Third Avenue Focused Credit Fund Collapse May Create Bond ETF Problems
Third Avenue Management has frozen redemptions (withdrawals) from its high-yield (junk) bond fund. Some market experts have opined that this may be an early warning signal for bond exchange-traded funds (ETFs), as concerns in the bond markets may lead to a massive rush to sell bond holdings. Some market watchers have long feared that any kind of rush of investor selling would expose a major flaw in the ETF design.

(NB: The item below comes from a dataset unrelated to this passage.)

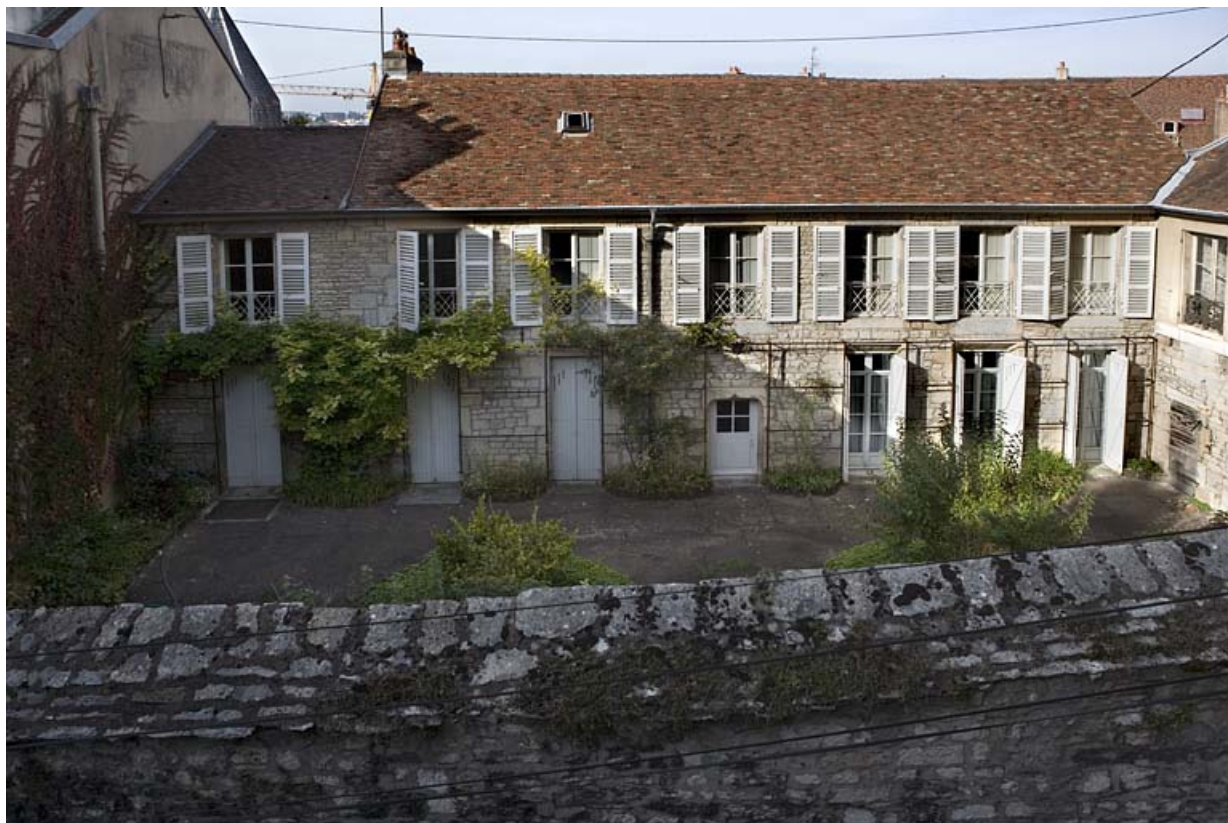
Vue d'ensemble de la façade postérieure depuis le jardin de l'hôtel Franchet de Rans.

25, Besançon, 14 rue de la Convention, lieudit : îlot Boitouset

Some believe that bond ETFs are more vulnerable than bond mutual funds because bond mutual funds have active fund managers who analyze what to sell and what to hold, whereas a bond ETF merely tracks an index without any analysis involved in determined that to sell or hold.
The Third Avenue Focused Credit Fund (TFCVX) announced it was shutting down, but that investors might have to wait months for their money. In response, trading in the the high-yield bond market increased as investors scrambled to adjust their bond portfolios. Both the SPDR Barclays High Yield Bond ETF (JNK) and the iShares iBoxx High Yield Corporate Bond ETF (HYG) saw their trading volume spike to three times their average daily levels as the market reacted to indications of trouble in the junk bond market.
The lowest quality high-yield (junk) debt, which currently represents about 10% of the high-yield bond market, is down more than 40% over the past 18 months. Many of the struggling bonds are tied to struggling energy-related industries. The recently closed Third Avenue fund was very aggressive and risky, as it had an estimated 28% of its assets in the lowest-rated junk bonds rated triple-C or lower. This was nearly three times the average allocation of other bond funds.
So far, no other bond funds have blocked investor redemptions, but a junk-bond hedge fund, Stone Lion Capital, announced it was suspending redemptions.
Junk bond investors could suffer significant losses if panic selling depresses prices dramatically.